With the case of chemical weapons attacks for example in Syria, a lot of those were activists or long-term anti-war activists, or basically people who are their kind of most active and noisiest on social media. And they don’t always make the best kind of experts. And as you’ve been drawn into these communities, in the example of coronavirus, you might be starting off with the question of, “are these vaccines safe?” And the answer may be from some people, “no, these vaccines aren’t safe, they’re quite dangerous. They can give your children autism, they have mercury in them.” So you start reading more and more stuff about that. And you find communities that discuss that topic in particular, and within that community, you’ll find another kind of sub-community of people have even more extreme beliefs. You’d think, well, it’s not just the mercury in the vaccines you have to worry about, but the microchips that Bill Gates has been putting in there.

Now not everyone’s going to go on that journey, be gone all the way in, but some people will and they tend to become the kind who praise people who make the most noise.

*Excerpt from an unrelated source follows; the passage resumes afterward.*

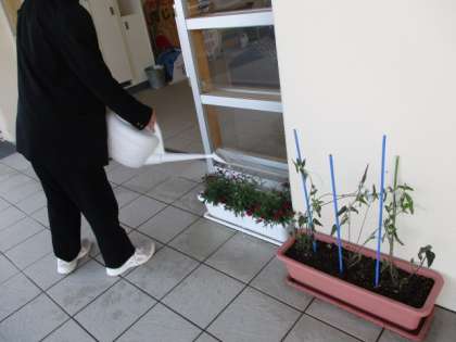 生徒玄関では、生活向上委員会のあいさつ運動、ボランティア委員会の花の水やりが行われていました。今日は、午後から希望別懇談会が実施されます。下校完了時間は、15:15です。

But what we see in some circumstances is how those communities are then effectively weaponized by state actors. And we’ve seen that in particular with MH-17 team, for example, where we’ve seen Russia taking these kinds of communities and giving them a platform on their media networks. Taking them to things like UN committees and using them for their own purposes. So I think when you talk about disinformation, you always need to say it in the context of, not what an outside actor is doing to us, but what we’re doing to ourselves. And until we address that issue, it’s going to be very hard to realistically counter this disinformation that we’re seeing.